Univariate and multivariate Cox regression analyses were carried out to investigate the association between acute kidney injury as well as other predictors and patient death. In order to investigate the associations between AKI status, covariates, and the study endpoint (patient death), the patient-related baseline characteristics, case-related analyses, and survival analyses are presented stratified for AKI status were shown and AKI status was included in the multivariate regression analysis. An additional multivariate adjustment was made for the variables age, sex, Charité site (campus 1–3), comorbidities, malignancy, sepsis, baseline eGFR, and mechanical ventilation in order to control for possible confounding.
Due to the definition of an undiagnosed AKI episode, the inclusion criteria defined for this study included at least two creatinine measurements, meaning the completeness of the creatinine values was already provided by the inclusion criteria.

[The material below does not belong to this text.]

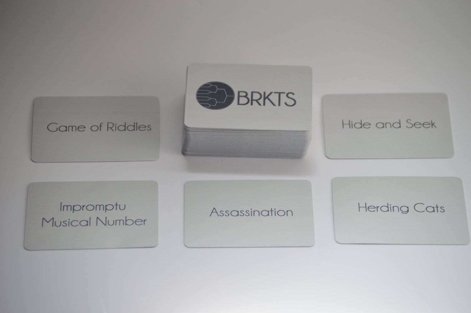 BRKTS: Lets say you have 4 players and an extra person to be the moderator. Now you have two decks of cards. The first deck is a set of twenty-five dark grey category cards. The categories are things such as, comic book heroes, aliens, children's book characters, famous duos, and reality tv stars. The moderator will pull a category card and we'll say it's, sidekicks. So the four people playing will each pick two sidekicks since it's an eight spot bracket. They can be pulled from TV shows, movies, books, comics, cartoons, video games, from where ever they can think of. The moderator fills out the bracket with everyone's choices then moves on to the set of seventy-five light grey scenario cards. These will tell you what the challenges are for the characters on the bracket. Each new match up gets a new scenario. So we'll say the first match up is Robin versus Ron Weasley and the scenario is a game of chess. Now the two players that picked those characters have to debate why their character would beat the other player's character in a game of chess. The players take turns laying out their case by being as creative as possible, highlighting their characters strong points, or their opponents lack thereof, when it comes to that scenario, or using their phone to look up info that proves their character has done this scenario before or something like it. And if the other players playing have info to share on the subject they can jump in add their two cent. The moderator also plays a part here by making sure the debate doesn't carry on for too long. To move your character on in the bracket your opponent either has to give up, or you have to win a table vote if neither party is willing to admit defeat. The other players will vote based on the arguments heard. This process continues until one person's character makes it to the end of the bracket.

The data on administrative codes and demography also showed a very high degree of completeness. The chosen approach to evaluation essentially complied with a complete-case analysis. Due to the extremely high level of data completeness, a possible bias due to the effects of a missing-at-random situation can also be considered very low with regard to the risk estimators in the regression model; as such, we did not expect that an approach using multiple imputation would be able to significantly minimize any possible slight bias of the estimators. Missing values in the data on Charité location (campus) were coded in an extra category in order to include them in the univariate and multivariate regression analyses and to check whether there was “informative missingness.”